I am still lost. Here is my code:
CloudDeploy[
APIFunction[{"textSample" -> "String", "urlTarget" -> "URL"}, checkURL, "JSON" &];
checkURL = {If[urlTarget != "",
checkSample,
"Empty URL Parameter"]};
checkSample = {If[textSample != "",
func,
"Empty Text Sample Parameter"]};
func = {
excludeList = {"cart", "checkout", "thank-you", "login"} ,
UrlList = Commonest[
DeleteCases[
Import[urlTarget, "HyperLinks"],
{!= urlTarget, excludeList}], 20],
texts = Import /@ urlList,
c = Classify[texts -> urlList],
c[textSample, "Probabilities"]
};
]
I don't know if this is the right way to accomplish my goal.
I want this to be an API where I can pass info to it via parameter and receive a "JSON" or "TEXT" response that includes probability scores.

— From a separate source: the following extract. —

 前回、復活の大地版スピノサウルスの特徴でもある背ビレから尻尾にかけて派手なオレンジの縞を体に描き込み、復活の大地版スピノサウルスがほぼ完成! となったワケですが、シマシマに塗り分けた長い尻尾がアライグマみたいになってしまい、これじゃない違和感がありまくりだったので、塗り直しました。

I want to exclude links that don't contain the urlTarget. This would exclude outbound links, etc. Also I want a to exclude urls that contain any of a list of exclude words. And, I just want to classify the most common appearing links.
I am a little concerned it will try to run a full classification on it every time we hit the API. Is there a way to save a trained model or cache it or something if the URL parameter is the same each time?